Thermodynamic Property Relations for Single Phase Systems
Apart from internal energy and enthalpy, two other ones that are particularly useful in depiction of thermodynamic equilibrium are Helmholtz free energy (A) and Gibbs free energy (G). We defer expanding upon the concept of these two types of energies to chapter 6; however, we state their definition at this point as they are instrumental in the development of property correlations for real fluids.
• Specific Helmholtz free energy: A = U − TS ...(5.1)
• Specific Gibbs free energy: G = H − TS ...(5.2)

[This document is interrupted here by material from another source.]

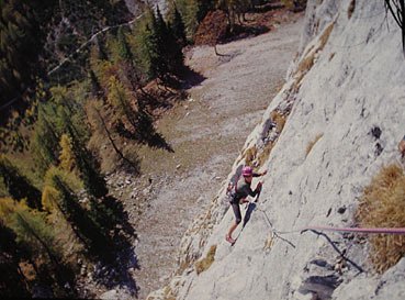 Von der Florlhütte etwa 5 min in Richtung Voisthalerhütte. Am Beginn des Kühbodens rechts vom Weg ab. Nach etwa 50m folgt man am besten einer Schuttriese. Zuletzt nach links zum Einstieg (ca. 25 min. von der Florlhütte...)

For a reversible process in a closed system the first law gives:
dU = dQ + dW
dU = TdS − PdV . ...(5.3)
Using H = U + PV and taking a total differential of both sides:
dH = dU + PdV+ VdP ...(5.4)
Putting eqn. 5.3 in 5.4 we get:
dH = TdS + VdP ...(5.5)
In the same manner as above one may easily show that the following two relations obtain:
dA = −SdT − PdV ...(5.6)
dG = VdP − SdT ...(5.7)
Equations 5.3 to 5.7 comprise the fundamental energy relations for thermodynamic systems where there is a single phase with constant composition. In principle, they may be integrated to compute the energy changes for a system transiting from one equilibrium state to another.